So basically taking your most "generous" estimate on "savings" for the government and putting them up against the lost revenue from the taxes along with an unknown increase in cost of border enforcement and the known increase in military spending, you're still more than $2 trillion in the hole, which is actually more than the figure I saw from the CBO. So unless we got some magical math going here that I don't know about . . . the CBO's numbers seem pretty reasonable to me, if not understated, and I can see where they get them. And the GOP is anticipating a huge shortfall because they're asking for a $5 trillion increase in the debt ceiling.

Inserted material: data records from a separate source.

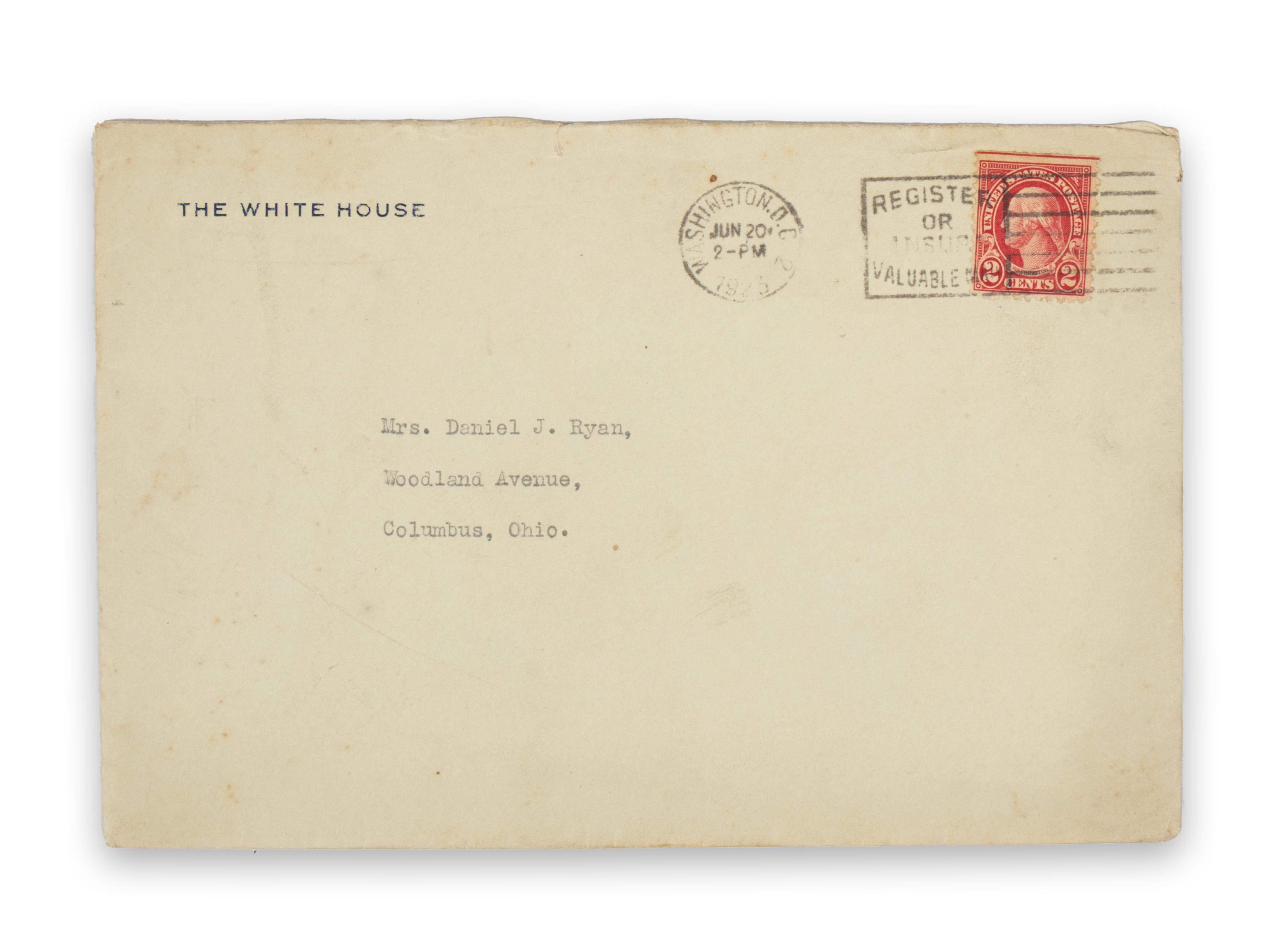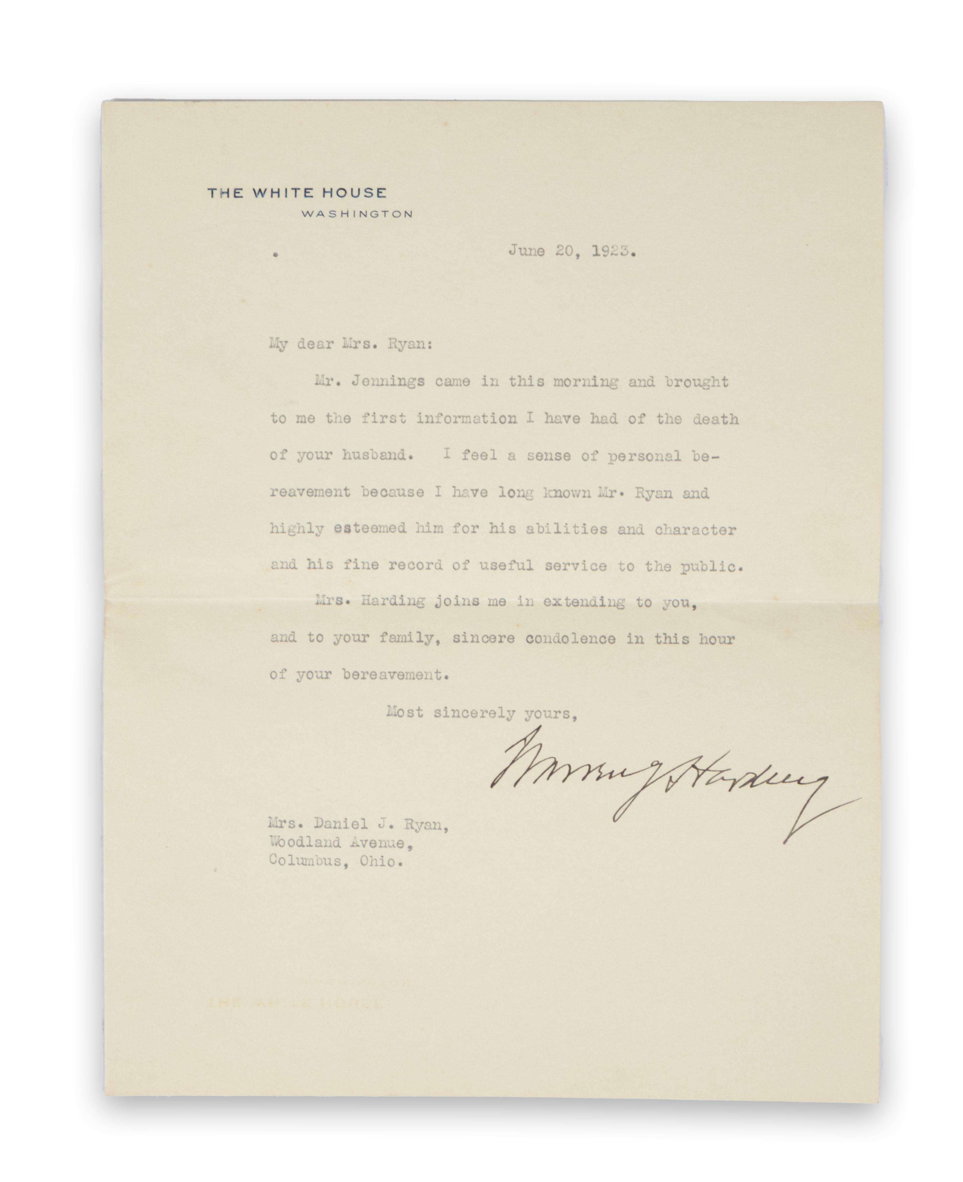 Részvétnyilvánító levél Mrs. Daniel J. Ryan részére. Egy gépelt oldal, a Fehér Ház fejléces levélpapírján. Boríték mellékelve. Warren G. Harding, az Egyesült Államok huszonkilencedik elnökének saját kezű aláírásával. Kelt: Washington, 1923. június 20. Mérete: 230 x 178  mm
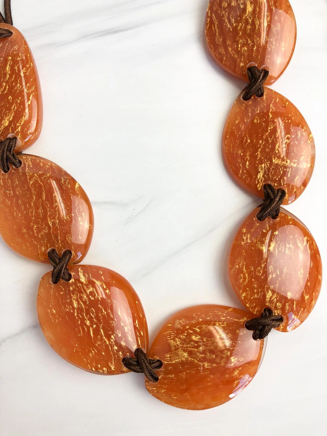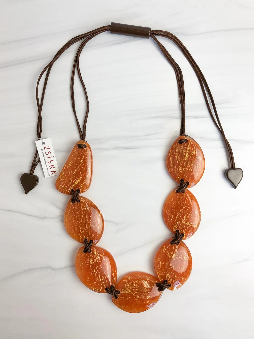 Zsiska’s “Rhea” collection features layered resin with textured gold accent. This bib style necklace features 7 almond shaped pieces on coordinating fabric cord.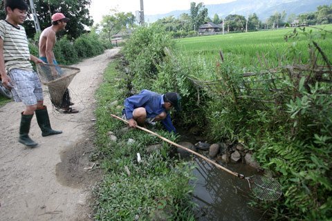 Chiều chiều, những thanh niên ở bản Noong Ỏ (Xã Phù Nham, Văn Chấn, Yên Bái) săn bắt cá, trạch, lươn từ những mương, lạch nước chảy quanh bản.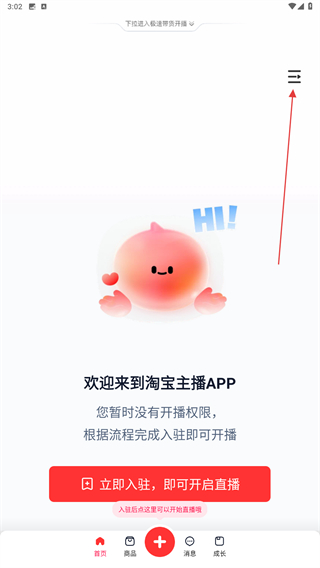 1、打開淘寶直播的應(yīng)用,進(jìn)入時(shí)點(diǎn)擊右上的功能圖標(biāo)。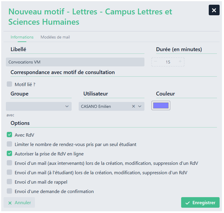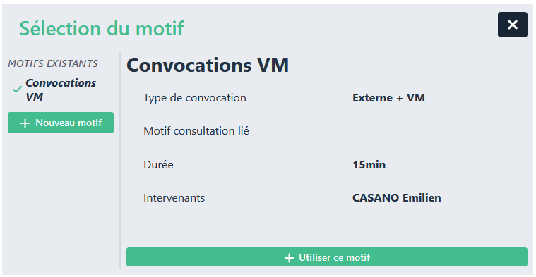 Afin d’intégrer les convocations sur votre planning, il faut définir le motif de créneau au préalable.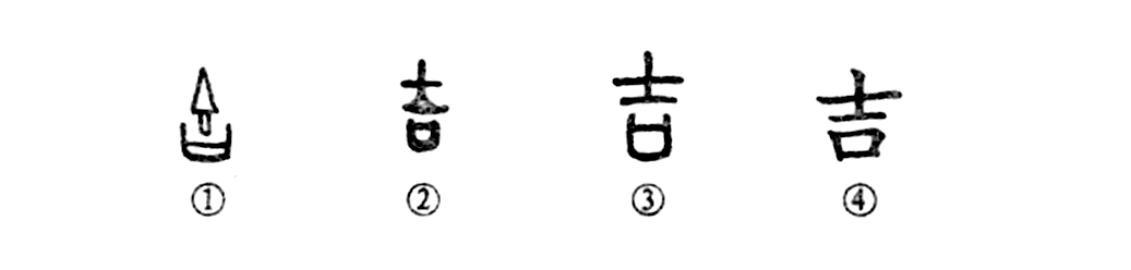 這是“吉祥如意”的“吉”字,本為會(huì )意字。①是甲骨文的形體,上部是一銳利的兵器之形,下部是裝置兵器的器物,本有“寶愛(ài)”之義,所以也就可以引申為“吉利”。②是金文的寫(xiě)法,其上變?yōu)楦^(兵器)之形。③是小篆的形體,其上訛變?yōu)椤笆俊?。④為措?shū)的形體。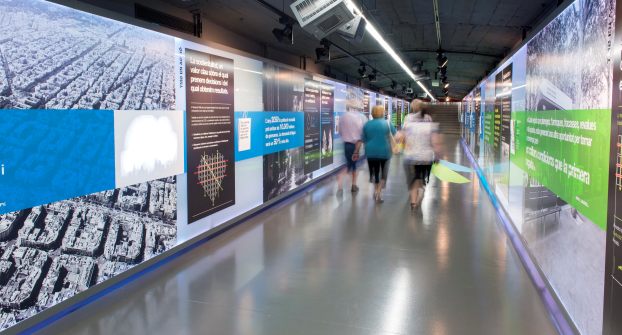 La sala d'exposicions de TMB recull les dades més rellevants de la contribució del transport públic a la millora ambiental. La mostra detalla l'aportació de l'empresa a la reducció de consums, emissions contaminants i residus.

And the Republicans are going to get trounced in the midterms anyway because the GOP looks like the GOP: if those tax cuts were so important to the GOP they would have been put in place back in 2017 when the corporate tax cuts were made permanent, they're still trading help for individuals for higher military spending (that's going to cost them), if the moron Lindsey Graham and his 81 Senate compatriots get their way on the secondary tariffs they'll sink the economy, and we always have the wars that Trump was supposed to end but which keep on going. Oh, and they're losing the moderate voter with the deportation antics and the fact that they have yet to do anything meaningful about the censorship complex or the surveillance state. The GOP is going to get wiped out in the midterms because (1) that is typically what happens and (2) they've done nothing to suggest they deserve this time being an exception.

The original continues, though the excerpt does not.